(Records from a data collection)
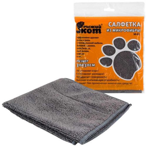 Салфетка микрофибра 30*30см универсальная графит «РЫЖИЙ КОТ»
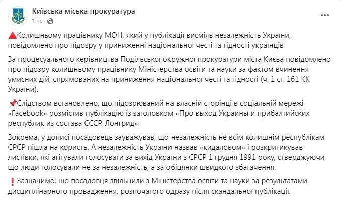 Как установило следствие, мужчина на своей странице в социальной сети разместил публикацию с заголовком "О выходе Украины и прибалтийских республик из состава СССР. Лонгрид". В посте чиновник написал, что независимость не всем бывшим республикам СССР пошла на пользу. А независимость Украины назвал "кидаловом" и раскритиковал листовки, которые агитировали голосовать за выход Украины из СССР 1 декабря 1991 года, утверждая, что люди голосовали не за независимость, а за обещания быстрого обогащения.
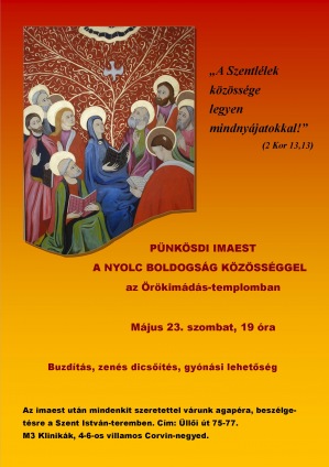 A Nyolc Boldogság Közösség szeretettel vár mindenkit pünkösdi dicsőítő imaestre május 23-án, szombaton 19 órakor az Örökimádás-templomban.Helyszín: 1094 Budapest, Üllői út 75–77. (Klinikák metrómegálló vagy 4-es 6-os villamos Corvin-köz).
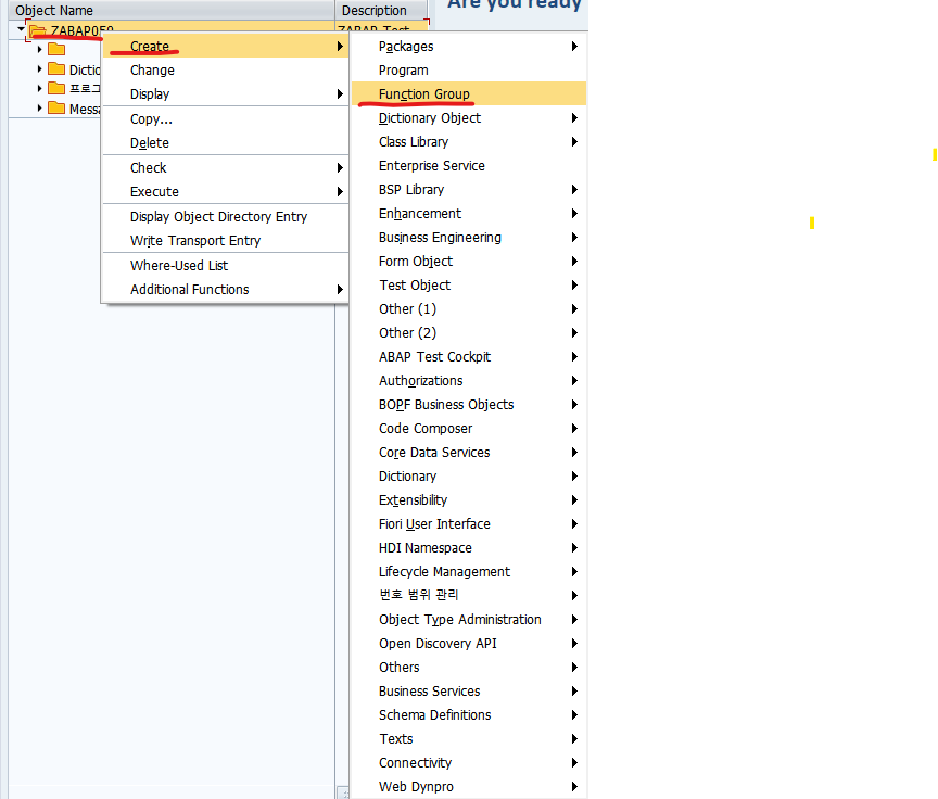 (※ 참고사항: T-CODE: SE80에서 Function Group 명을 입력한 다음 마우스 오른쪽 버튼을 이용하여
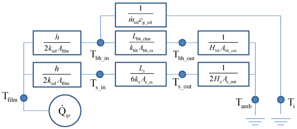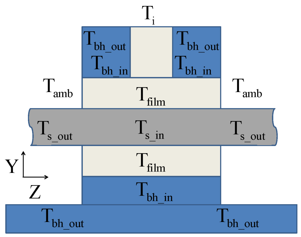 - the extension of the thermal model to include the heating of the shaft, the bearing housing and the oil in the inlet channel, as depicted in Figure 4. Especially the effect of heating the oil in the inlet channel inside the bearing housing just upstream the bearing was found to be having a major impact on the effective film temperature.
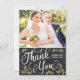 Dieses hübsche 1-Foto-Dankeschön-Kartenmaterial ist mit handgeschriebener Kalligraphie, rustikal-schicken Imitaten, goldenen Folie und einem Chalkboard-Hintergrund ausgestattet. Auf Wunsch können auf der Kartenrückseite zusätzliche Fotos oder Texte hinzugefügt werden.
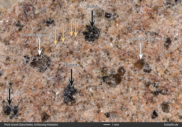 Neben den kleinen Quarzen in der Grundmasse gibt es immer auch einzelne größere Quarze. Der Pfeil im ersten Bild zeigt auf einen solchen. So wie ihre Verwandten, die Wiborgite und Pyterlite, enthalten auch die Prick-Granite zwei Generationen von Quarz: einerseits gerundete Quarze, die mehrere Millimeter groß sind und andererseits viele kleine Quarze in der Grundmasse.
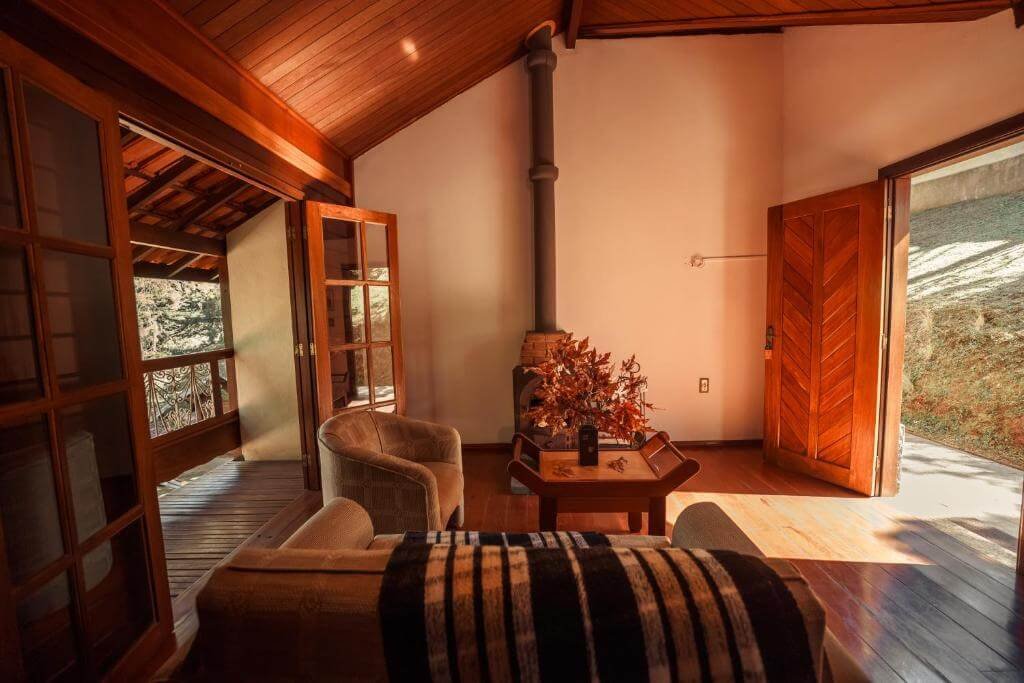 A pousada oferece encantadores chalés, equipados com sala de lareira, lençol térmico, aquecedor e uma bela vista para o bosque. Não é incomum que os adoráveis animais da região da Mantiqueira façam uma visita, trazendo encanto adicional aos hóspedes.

Task: Working from the line containing "A Nyolc Boldogság" to the last line of the data, retype every line exactly, both ends included, and leave out all pictures.

Answer for the task:
 A Nyolc Boldogság Közösség szeretettel vár mindenkit pünkösdi dicsőítő imaestre május 23-án, szombaton 19 órakor az Örökimádás-templomban.Helyszín: 1094 Budapest, Üllői út 75–77. (Klinikák metrómegálló vagy 4-es 6-os villamos Corvin-köz).
 (※ 참고사항: T-CODE: SE80에서 Function Group 명을 입력한 다음 마우스 오른쪽 버튼을 이용하여
 - the extension of the thermal model to include the heating of the shaft, the bearing housing and the oil in the inlet channel, as depicted in Figure 4. Especially the effect of heating the oil in the inlet channel inside the bearing housing just upstream the bearing was found to be having a major impact on the effective film temperature.
 Dieses hübsche 1-Foto-Dankeschön-Kartenmaterial ist mit handgeschriebener Kalligraphie, rustikal-schicken Imitaten, goldenen Folie und einem Chalkboard-Hintergrund ausgestattet. Auf Wunsch können auf der Kartenrückseite zusätzliche Fotos oder Texte hinzugefügt werden.
 Neben den kleinen Quarzen in der Grundmasse gibt es immer auch einzelne größere Quarze. Der Pfeil im ersten Bild zeigt auf einen solchen. So wie ihre Verwandten, die Wiborgite und Pyterlite, enthalten auch die Prick-Granite zwei Generationen von Quarz: einerseits gerundete Quarze, die mehrere Millimeter groß sind und andererseits viele kleine Quarze in der Grundmasse.
 A pousada oferece encantadores chalés, equipados com sala de lareira, lençol térmico, aquecedor e uma bela vista para o bosque. Não é incomum que os adoráveis animais da região da Mantiqueira façam uma visita, trazendo encanto adicional aos hóspedes.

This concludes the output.